What do we need to implement this algorithm as a recursive macro?

Our basic approach is going to be to build little bits of functionality from normal mode keystrokes, which we are going to store in the alphabetical registers and invoke via the standard macro run command:`@`. Each register essentially contains a tiny function that you can call with `@`.

Next, we need to handle that `switch` statement. The trick here is to write the keystrokes required to perform each `case` as a single line in the buffer. If we place these lines in order at and above the cursor, then we can move to the line corresponding to the value of N passed in by moving upwards with`k`the required number of times. Once we’re on the correct `case` line, we can yank the line’s contents and then execute the code by running the yank register as a macro. Sneaky!

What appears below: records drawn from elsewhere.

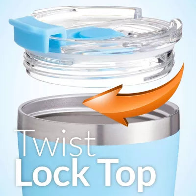 - TWIST-LOCK LID = LESS MESS: The Twist-Lock lid reduces spills since the lid won’t pop off when the cup is dropped. While drinking from the lid, the Flip-N-Lock lid closure stays out of the way by locking open. When the lid and the straw opening are closed the cup won’t leak.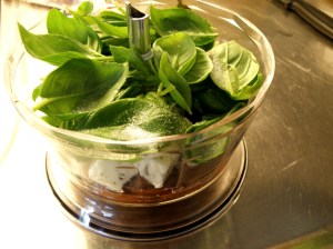 Pesto er noe jeg ikke har verken smakt eller laget tidligere, men min søster har alltid snakket varmt om denne dressingen/dip’en. Basilikum er noe jeg kan bruke til det meste, og jeg har en potte på terassen. Den ble nå utsatt for en kraftig rasering for mitt forsøk på en variant av pesto. Med impulsmatlaging og pinse, nytter det ikke å renne av gårde til butikken for manglende ingredienser, så da tar man hva man har.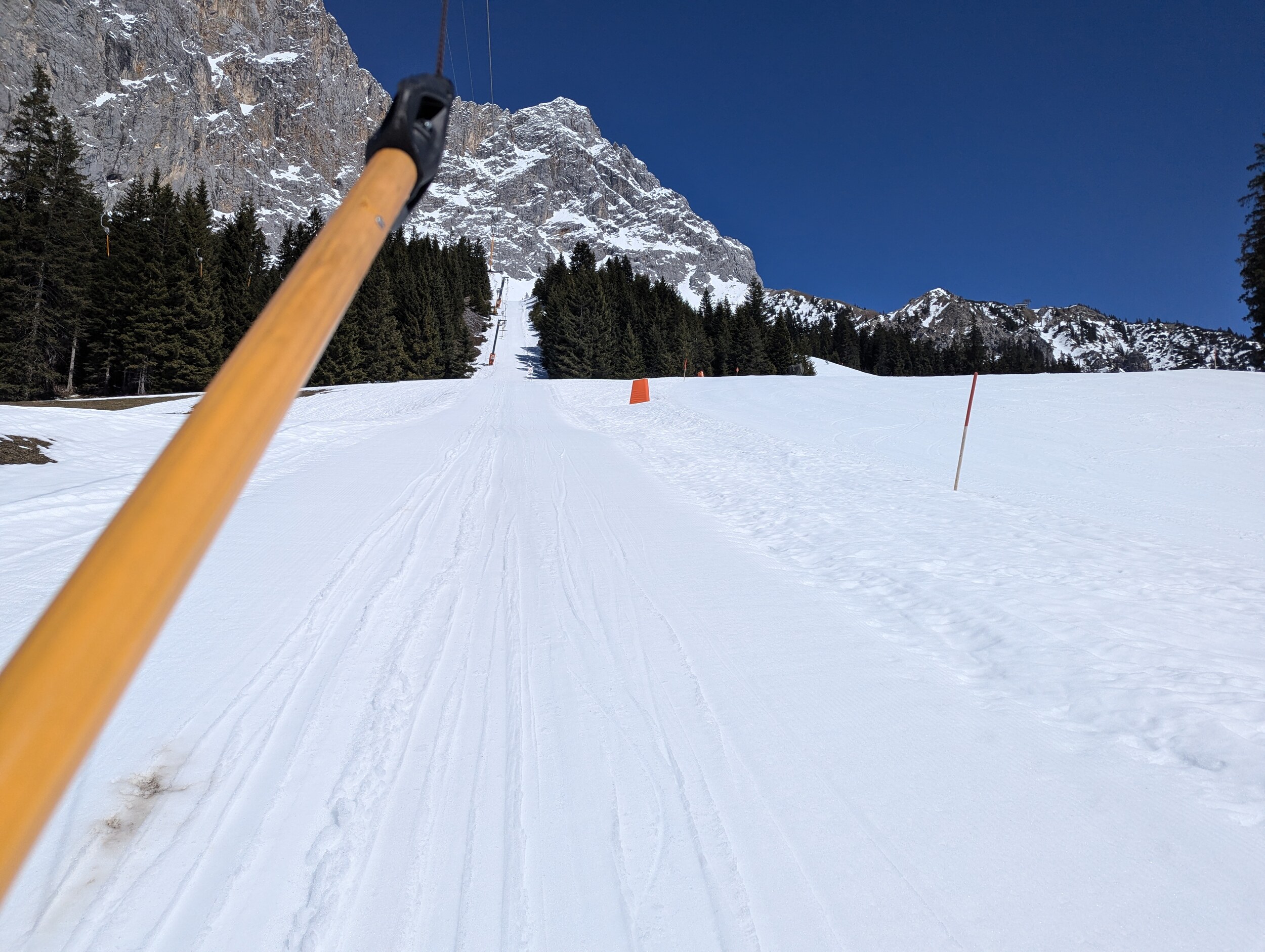 Die Schneelage war an der Wettersteinbahn nochmals prekärer als in Biberwier. Zum Teil kommt der Untergrund hervor, der insbesondere an der Sonnenhangbahn mit Netzen abgesperrt wird. Die Präparierung am Morgen wird an der Wettersteinbahn wohl ähnlich ruppig gewesen sein, wie in Biberwier, jedoch hatte man hier vor allem auf den Verbindungswegen oder an neuralgischen Punkten eher mit Bremsschnee und Sulz zu kämpfen, als mit Löchern.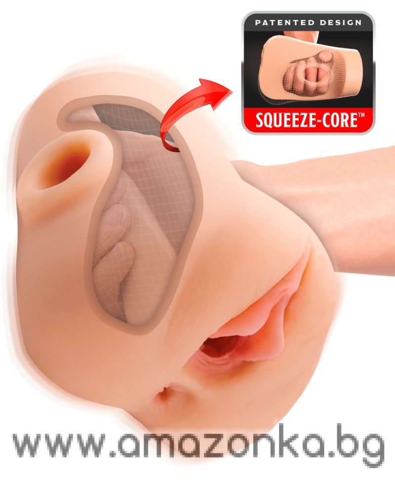 Мастурбаторът Pussy Pounder Vibrating Squeeze Stroker от PDX Plus е с дизайн вагина/анус и се отличава с изключително реалистични детайли и иновативна употреба. Патентованият Squeeze Core дизайн осигурява гъвкава вътрешна кухина, която се адаптира перфектно към ръката. Освен това разполага с два вътрешни канала за удоволствие, които могат да бъдат притискани и контролирани поотделно. Пълен контрол, изключително реалистично усещане и перфектен захват са възможни по време на ръчна стимулация!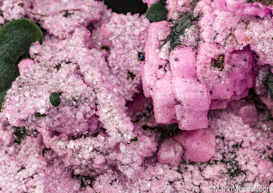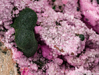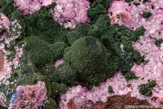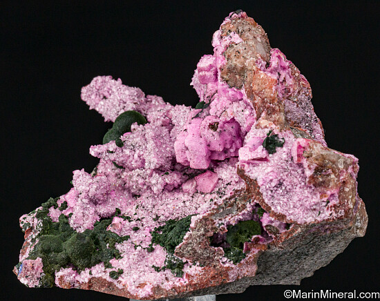 Dark olive green Kolwezite atop rhombs of pink Cobaltoan Calcite (or possibly Cobaltoan Dolomite) creating a stunning mixture of colors and forms. Kolwezite is a Copper Cobalt Carbonate Hydroxide and this is the type locality for the species. A beautiful large display piece and combination specimen of two desireable species together. Sawcut on back.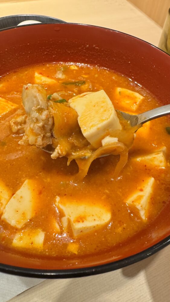▲鶏豆腐キムチチゲは具沢山。肉が鶏肉になった以外は松屋と同じ味わいで安定の辛旨さ。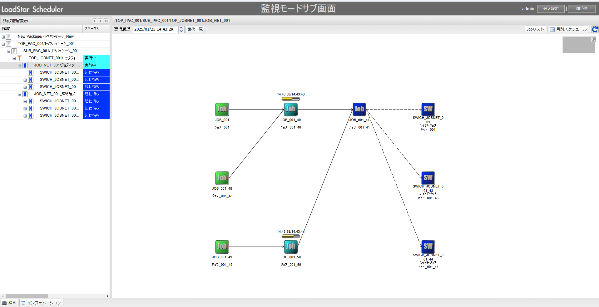 ジョブアイコンにジョブの開始時間や終了予測時間が表示されるため、ジョブのスケジュール把握をリアルタイムに行うことができます。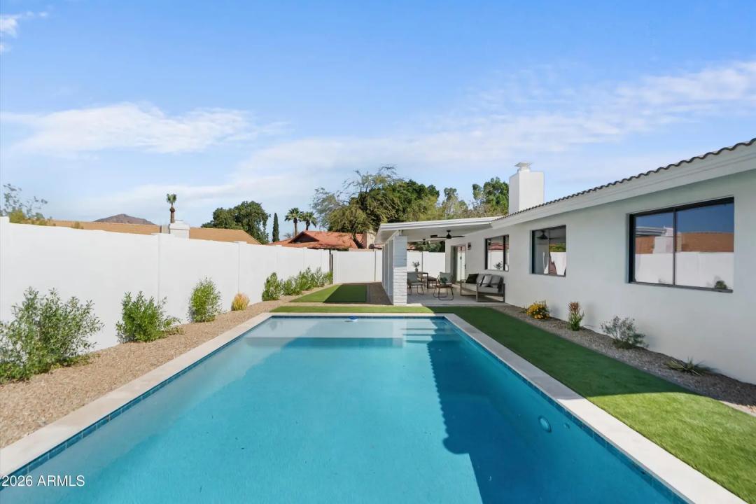 This one is special! Just listed in one of the most charming pockets in Phoenix, right between Arcadia and South Scottsdale, close to everything but still tucked into a quiet neighborhood. Truly one of Phoenix's best-kept secrets. This home has been completely reconstructed, fully permitted by a licensed contractor, with all major systems upgraded or new. As you enter the home, you're welcomed into a large open floor plan with the kitchen, dining, and living spaces extending to the backyard through custom bifold steel doors. The backyard features a brand new pool built in 2026, along with a full-length covered patio with tile floors and ceiling fans, creating a fully livable outdoor space. Low-maintenance turf areas in the front and back, a new irrigation system, new plants,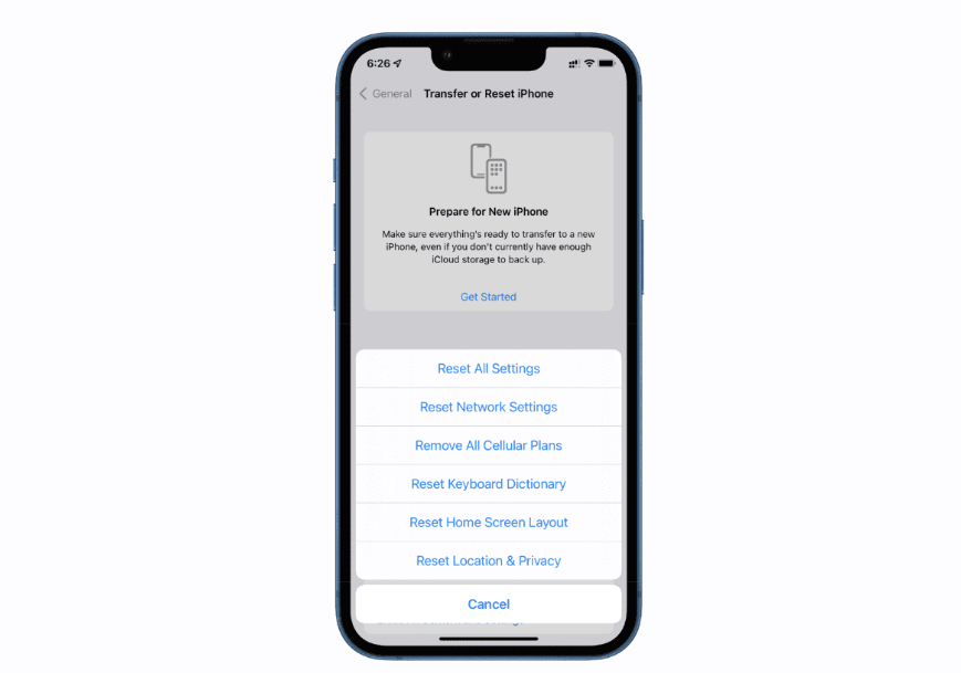 - Select Transfer or Reset iPhone.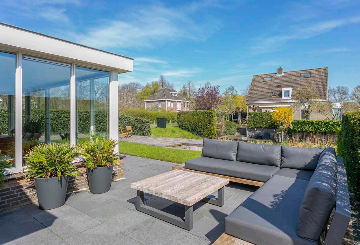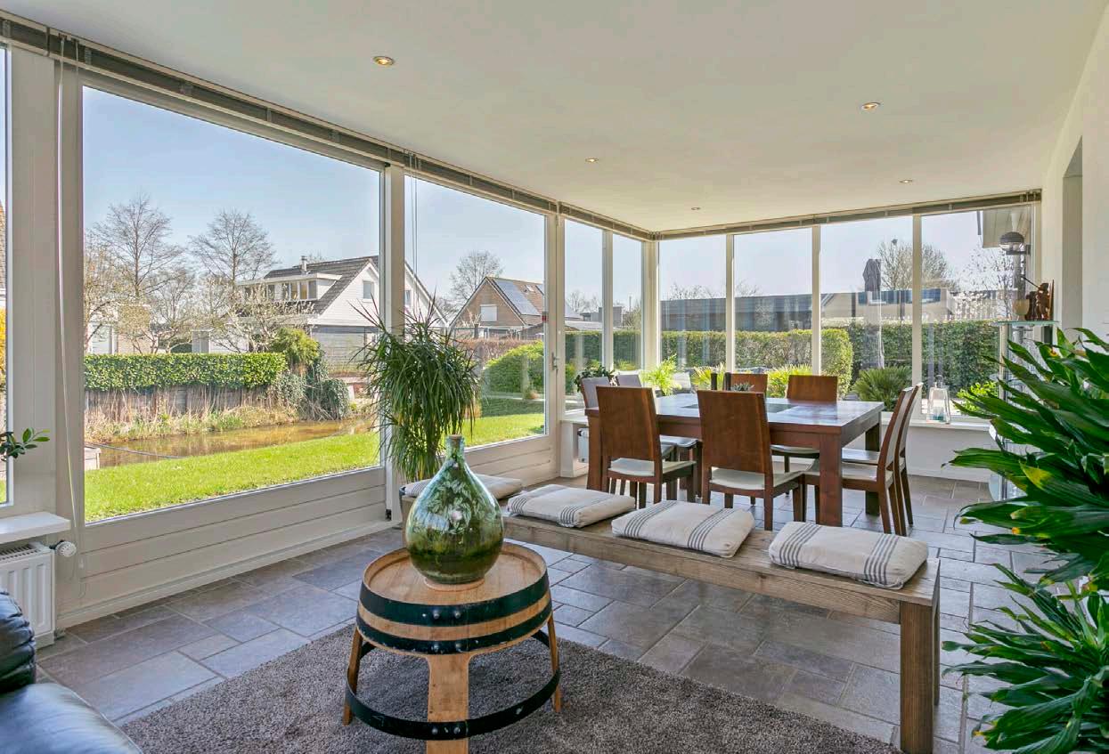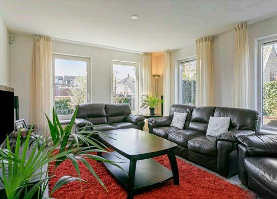 Een zee van licht en ruimte! De woonkamer is bijzonder ruim van opzet en biedt een tal van mogelijkheden qua inrichting. Hoewel de woonkamer in totaal maar liefst 72m2 (excl. keuken) is, is deze door de speelse indeling ook erg gezellig. Door de vele raampartijen is er vanuit elke hoek zicht op de tuin. Vooral vanuit de tuinkamer/serre met schuifpui is er een heerlijke verbinding tussen binnen en buiten.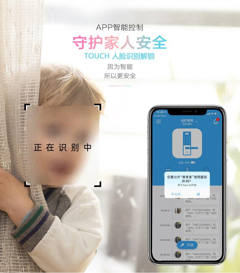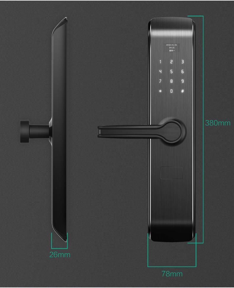 Método de apertura de la puerta:Huella digital/contraseña/tarjeta inteligente/llave mecánica/llave temporal de miniprograma, función cinco en uno.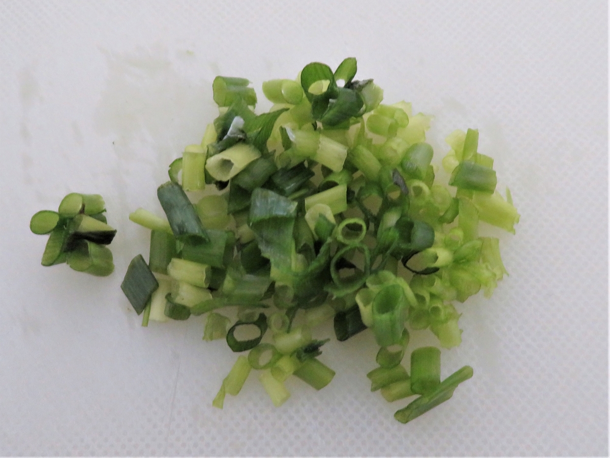 わかめが入った、かやくと粉末スープ、そして刻みネギを入れ‥。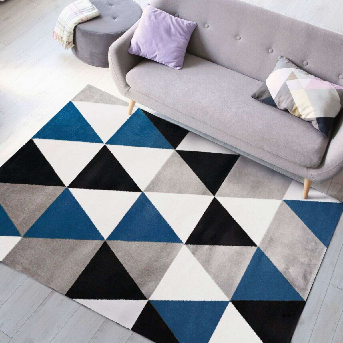 Tapis toucher laineux motif triangles bleu 160x230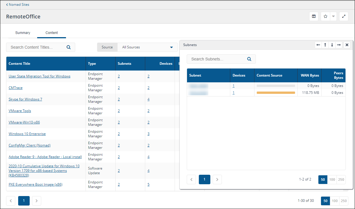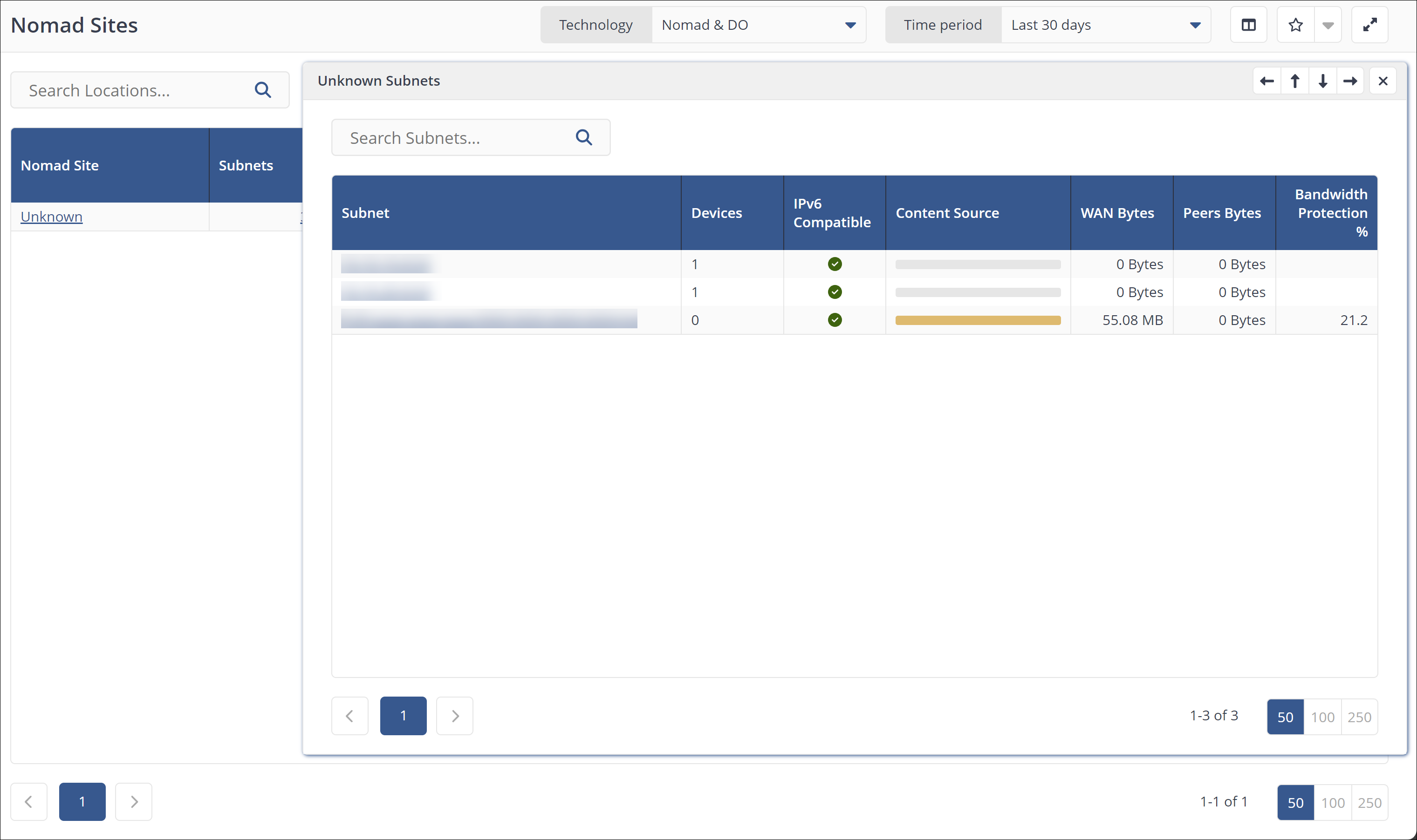 A drawer that opens up when you click on the subnets count. It shows a list of all subnets falling under that location and have downloaded the specified content, with the following functionality.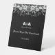 A fun black and white wedding Pedestal sign to Please Sign Our Guestbook on a black background and light grey text.

Finally, we need some method of addition and subtraction. Vim’s normal mode provides this via the`CTRL-A`and`CTRL-X`keystrokes.

## The RULES of the Game

In order to prevent this from being an EVEN MORE pointless endeavour than SOME would claim it already is, when I started working on it I decided to disallow certain Vim features:

### Reasonable Restrictions

• No Ex commands,

• No Vimscript functions,

The above would make this task EASY and therefore BORING. So: no programmatic scaffolding, and other than the aforementioned increment/decrement number commands, nothing that facilitates ARITHMETIC.

• Must work regardless of position of number in file (so long as it is a standard Vim `word`).

This one, on the other hand, is really just a matter of panache.

### Unreasonable Ones. Why Did I Impose These on Myself?

• No searches,

• No setting or jumping to marks,

• No storing state in registers: only macros!

• Avoid CLUTTERING up the buffer with state: only do it when absolutely necessary and leave it there for the shortest time possible,

• Other than the `fib` and `_fib` functions, no storing macros in alphabetical registers.

It’s actually possible to encapsulate the entire algorithm within just TWO macros (Type`622G`to see this version.) But for EDUCATIONAL PURPOSES only, when constructing the macro in this file, I’ve used alphabetical registers to break down the computation into smaller pieces. This is purely to make it easier to to understand, though. During the running of the macro, no further alphabetical registers may be used for storing macros (or anything else!)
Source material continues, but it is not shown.